Work item
In the records below, find every line with the word "your" and copy it.

(Stored items)

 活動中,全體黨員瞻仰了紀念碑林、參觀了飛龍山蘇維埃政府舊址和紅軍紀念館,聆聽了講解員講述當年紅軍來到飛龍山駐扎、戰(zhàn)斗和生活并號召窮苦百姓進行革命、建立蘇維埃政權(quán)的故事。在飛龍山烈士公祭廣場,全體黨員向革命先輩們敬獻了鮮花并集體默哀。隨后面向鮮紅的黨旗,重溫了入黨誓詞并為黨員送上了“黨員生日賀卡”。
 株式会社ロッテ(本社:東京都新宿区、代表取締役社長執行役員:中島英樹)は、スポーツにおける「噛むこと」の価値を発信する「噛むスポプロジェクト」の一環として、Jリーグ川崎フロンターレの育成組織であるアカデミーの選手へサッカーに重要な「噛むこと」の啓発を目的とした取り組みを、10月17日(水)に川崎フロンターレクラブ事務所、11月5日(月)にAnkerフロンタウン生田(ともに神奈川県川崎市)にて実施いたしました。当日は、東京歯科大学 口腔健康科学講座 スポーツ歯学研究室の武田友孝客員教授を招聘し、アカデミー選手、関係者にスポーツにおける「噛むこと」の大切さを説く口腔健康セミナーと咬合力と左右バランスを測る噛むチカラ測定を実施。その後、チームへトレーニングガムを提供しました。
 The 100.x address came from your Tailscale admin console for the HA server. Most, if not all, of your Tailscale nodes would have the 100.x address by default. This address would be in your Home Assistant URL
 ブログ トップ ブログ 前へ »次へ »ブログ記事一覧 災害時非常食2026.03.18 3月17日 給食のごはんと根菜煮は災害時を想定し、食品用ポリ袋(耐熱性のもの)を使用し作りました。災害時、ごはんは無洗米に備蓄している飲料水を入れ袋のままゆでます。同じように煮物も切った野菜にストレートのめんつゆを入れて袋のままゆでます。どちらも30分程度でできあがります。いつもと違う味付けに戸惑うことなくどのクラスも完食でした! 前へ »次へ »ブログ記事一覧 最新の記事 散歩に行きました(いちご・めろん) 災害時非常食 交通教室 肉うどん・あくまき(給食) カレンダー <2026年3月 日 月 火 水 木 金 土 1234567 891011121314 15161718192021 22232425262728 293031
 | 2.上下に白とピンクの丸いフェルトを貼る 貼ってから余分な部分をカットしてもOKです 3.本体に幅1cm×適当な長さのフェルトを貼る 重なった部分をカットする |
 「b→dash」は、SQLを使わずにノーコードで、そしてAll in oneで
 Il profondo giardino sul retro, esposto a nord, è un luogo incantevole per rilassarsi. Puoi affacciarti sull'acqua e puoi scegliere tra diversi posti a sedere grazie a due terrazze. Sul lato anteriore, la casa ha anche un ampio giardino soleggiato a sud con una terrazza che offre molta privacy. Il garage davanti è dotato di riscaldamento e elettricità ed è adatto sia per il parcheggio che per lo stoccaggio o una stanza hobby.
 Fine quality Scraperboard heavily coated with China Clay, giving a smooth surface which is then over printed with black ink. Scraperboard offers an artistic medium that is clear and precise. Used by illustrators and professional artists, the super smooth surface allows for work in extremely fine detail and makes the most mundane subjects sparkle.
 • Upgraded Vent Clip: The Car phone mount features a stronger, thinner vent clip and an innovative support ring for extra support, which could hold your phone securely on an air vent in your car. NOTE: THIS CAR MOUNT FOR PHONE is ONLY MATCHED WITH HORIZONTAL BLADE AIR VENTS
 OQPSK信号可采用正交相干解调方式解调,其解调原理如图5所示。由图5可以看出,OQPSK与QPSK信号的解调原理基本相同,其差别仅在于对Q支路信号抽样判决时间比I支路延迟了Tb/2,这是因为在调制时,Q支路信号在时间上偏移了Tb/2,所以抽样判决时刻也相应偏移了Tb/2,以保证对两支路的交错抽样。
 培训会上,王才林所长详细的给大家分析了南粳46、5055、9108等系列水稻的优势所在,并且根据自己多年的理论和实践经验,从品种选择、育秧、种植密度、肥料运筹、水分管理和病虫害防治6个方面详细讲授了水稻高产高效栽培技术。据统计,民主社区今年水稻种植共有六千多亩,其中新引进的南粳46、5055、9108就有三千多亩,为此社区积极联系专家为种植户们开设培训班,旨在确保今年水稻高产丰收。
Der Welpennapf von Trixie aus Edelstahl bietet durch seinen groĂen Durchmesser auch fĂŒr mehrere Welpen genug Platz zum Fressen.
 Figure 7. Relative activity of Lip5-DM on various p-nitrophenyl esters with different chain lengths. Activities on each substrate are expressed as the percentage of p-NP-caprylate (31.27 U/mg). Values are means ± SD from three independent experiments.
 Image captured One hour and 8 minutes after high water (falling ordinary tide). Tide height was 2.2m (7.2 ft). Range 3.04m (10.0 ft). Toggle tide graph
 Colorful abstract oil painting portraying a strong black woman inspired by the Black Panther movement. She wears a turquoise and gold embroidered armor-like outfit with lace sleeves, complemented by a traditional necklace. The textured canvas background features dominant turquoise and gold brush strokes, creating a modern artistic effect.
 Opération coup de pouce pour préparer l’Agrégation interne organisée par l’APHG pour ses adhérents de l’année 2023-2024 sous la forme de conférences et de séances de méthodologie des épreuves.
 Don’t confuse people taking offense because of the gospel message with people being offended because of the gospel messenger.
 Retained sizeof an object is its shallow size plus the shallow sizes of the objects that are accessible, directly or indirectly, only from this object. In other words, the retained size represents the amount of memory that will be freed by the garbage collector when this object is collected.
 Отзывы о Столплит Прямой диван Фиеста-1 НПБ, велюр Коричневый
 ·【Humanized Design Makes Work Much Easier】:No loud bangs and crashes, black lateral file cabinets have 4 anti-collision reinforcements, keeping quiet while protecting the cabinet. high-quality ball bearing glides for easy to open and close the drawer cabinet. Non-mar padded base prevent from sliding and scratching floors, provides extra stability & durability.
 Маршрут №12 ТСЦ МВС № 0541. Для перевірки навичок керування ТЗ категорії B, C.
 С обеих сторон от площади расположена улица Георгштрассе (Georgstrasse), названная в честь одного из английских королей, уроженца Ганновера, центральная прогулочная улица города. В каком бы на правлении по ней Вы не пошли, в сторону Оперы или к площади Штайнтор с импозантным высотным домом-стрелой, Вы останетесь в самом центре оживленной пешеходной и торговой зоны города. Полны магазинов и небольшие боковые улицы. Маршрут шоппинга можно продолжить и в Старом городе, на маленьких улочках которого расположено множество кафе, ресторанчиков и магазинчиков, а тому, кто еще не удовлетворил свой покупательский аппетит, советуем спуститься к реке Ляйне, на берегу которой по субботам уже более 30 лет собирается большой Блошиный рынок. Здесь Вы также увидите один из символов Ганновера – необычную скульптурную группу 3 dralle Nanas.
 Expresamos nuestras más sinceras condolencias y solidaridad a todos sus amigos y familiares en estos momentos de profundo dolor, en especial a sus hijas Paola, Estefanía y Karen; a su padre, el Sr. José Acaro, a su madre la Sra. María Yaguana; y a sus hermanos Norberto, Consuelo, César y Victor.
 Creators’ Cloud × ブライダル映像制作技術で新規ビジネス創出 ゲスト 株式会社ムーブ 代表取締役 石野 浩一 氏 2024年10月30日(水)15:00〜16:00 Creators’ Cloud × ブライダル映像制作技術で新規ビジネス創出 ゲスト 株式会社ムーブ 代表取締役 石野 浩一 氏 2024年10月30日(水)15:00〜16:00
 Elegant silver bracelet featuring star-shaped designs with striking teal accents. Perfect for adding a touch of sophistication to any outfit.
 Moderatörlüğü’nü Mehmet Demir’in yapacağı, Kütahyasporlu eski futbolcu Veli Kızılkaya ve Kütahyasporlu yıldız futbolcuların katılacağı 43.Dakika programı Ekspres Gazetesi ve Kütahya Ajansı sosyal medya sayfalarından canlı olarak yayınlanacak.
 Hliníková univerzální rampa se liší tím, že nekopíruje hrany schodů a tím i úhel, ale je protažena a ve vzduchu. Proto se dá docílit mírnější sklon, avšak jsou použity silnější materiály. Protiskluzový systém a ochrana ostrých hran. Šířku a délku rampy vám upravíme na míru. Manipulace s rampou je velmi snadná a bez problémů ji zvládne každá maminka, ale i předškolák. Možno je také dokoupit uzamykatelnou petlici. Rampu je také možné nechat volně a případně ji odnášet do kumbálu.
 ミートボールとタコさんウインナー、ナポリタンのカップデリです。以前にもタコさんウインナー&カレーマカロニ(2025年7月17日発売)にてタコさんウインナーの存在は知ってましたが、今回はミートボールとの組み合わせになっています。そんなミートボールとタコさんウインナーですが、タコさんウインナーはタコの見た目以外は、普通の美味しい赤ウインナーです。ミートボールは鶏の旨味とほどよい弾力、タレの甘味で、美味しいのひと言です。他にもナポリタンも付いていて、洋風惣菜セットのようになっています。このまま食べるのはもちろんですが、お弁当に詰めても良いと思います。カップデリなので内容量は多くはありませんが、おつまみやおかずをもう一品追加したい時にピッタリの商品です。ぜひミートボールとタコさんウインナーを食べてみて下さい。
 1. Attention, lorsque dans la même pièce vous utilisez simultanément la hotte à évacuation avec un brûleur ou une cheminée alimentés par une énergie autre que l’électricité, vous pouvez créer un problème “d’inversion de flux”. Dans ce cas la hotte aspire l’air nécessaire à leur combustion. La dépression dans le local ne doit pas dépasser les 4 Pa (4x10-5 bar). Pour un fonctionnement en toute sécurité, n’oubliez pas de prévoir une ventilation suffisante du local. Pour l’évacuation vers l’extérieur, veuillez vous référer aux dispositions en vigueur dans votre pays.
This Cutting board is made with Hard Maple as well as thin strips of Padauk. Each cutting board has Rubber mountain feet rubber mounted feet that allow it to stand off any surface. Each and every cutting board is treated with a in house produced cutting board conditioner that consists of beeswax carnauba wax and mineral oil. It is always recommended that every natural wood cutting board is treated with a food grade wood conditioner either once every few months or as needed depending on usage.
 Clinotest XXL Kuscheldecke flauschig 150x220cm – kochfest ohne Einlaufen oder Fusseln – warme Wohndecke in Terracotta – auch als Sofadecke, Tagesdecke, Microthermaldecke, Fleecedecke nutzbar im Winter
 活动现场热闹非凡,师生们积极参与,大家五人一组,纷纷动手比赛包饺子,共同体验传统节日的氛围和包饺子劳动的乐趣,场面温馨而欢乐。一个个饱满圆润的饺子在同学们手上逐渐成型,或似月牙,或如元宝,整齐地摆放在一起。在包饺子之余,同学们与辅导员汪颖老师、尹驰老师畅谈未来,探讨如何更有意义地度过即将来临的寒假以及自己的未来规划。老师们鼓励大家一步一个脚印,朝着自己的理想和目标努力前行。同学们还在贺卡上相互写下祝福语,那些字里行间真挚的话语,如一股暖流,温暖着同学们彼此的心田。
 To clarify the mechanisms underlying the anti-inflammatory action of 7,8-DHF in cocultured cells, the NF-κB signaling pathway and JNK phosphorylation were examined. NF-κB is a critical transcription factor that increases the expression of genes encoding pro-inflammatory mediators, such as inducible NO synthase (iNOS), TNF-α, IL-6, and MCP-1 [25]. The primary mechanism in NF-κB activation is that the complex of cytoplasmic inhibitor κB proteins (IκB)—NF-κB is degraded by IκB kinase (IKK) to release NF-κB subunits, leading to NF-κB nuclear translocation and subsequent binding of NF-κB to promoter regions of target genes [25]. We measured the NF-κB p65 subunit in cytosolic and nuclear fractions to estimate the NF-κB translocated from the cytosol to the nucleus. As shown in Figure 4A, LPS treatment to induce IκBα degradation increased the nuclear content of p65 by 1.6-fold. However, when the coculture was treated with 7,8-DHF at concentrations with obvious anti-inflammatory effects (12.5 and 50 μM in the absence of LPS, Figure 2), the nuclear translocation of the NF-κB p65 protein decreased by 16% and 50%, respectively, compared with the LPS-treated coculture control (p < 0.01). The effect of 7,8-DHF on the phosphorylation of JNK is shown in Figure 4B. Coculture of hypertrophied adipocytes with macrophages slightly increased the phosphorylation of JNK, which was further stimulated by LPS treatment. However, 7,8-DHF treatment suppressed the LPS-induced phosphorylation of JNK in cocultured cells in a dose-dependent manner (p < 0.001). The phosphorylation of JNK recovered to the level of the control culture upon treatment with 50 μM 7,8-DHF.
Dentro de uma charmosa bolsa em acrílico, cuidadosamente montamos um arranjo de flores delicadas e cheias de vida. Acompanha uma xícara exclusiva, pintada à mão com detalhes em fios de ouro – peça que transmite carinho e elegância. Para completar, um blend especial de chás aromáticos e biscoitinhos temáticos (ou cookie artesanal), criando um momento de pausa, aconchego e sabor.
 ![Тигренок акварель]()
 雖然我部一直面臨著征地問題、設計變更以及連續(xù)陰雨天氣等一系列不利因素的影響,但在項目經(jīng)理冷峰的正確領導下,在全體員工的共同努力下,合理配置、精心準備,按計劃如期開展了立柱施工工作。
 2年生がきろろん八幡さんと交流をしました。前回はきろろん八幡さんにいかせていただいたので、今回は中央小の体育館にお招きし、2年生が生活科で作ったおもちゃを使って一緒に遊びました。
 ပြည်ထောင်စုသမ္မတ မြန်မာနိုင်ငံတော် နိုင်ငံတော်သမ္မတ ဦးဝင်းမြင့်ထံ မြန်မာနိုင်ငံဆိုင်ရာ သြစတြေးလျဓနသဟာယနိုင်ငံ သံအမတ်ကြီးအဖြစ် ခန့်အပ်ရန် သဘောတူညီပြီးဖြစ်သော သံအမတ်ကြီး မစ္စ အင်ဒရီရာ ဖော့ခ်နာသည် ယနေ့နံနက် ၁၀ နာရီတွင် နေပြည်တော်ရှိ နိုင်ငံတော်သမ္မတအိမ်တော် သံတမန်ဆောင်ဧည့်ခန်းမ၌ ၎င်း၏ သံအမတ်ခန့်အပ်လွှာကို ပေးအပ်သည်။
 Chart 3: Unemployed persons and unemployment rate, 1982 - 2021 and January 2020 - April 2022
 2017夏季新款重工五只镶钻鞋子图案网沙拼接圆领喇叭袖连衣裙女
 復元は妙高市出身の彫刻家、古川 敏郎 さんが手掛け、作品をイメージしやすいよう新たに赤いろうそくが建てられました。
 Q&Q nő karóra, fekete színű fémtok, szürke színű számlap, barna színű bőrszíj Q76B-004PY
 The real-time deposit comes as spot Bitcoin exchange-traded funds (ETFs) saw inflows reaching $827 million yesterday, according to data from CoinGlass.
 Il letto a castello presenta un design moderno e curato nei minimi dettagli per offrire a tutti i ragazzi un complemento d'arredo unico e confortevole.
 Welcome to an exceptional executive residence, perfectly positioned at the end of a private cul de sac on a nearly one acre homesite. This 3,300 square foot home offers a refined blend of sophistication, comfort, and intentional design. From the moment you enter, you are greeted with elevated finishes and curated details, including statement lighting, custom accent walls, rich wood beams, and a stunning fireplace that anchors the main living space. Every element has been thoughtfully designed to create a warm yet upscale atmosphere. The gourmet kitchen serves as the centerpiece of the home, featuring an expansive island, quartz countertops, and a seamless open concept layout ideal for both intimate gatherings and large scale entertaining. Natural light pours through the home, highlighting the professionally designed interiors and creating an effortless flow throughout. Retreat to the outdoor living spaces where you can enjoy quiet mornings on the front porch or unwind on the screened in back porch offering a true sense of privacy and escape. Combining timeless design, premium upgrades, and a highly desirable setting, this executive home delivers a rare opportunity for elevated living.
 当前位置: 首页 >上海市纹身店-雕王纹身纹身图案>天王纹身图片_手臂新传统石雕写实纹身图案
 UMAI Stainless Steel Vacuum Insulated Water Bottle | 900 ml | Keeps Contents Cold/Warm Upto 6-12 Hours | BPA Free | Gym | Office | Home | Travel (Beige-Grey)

Solution for this task
 The 100.x address came from your Tailscale admin console for the HA server. Most, if not all, of your Tailscale nodes would have the 100.x address by default. This address would be in your Home Assistant URL
 • Upgraded Vent Clip: The Car phone mount features a stronger, thinner vent clip and an innovative support ring for extra support, which could hold your phone securely on an air vent in your car. NOTE: THIS CAR MOUNT FOR PHONE is ONLY MATCHED WITH HORIZONTAL BLADE AIR VENTS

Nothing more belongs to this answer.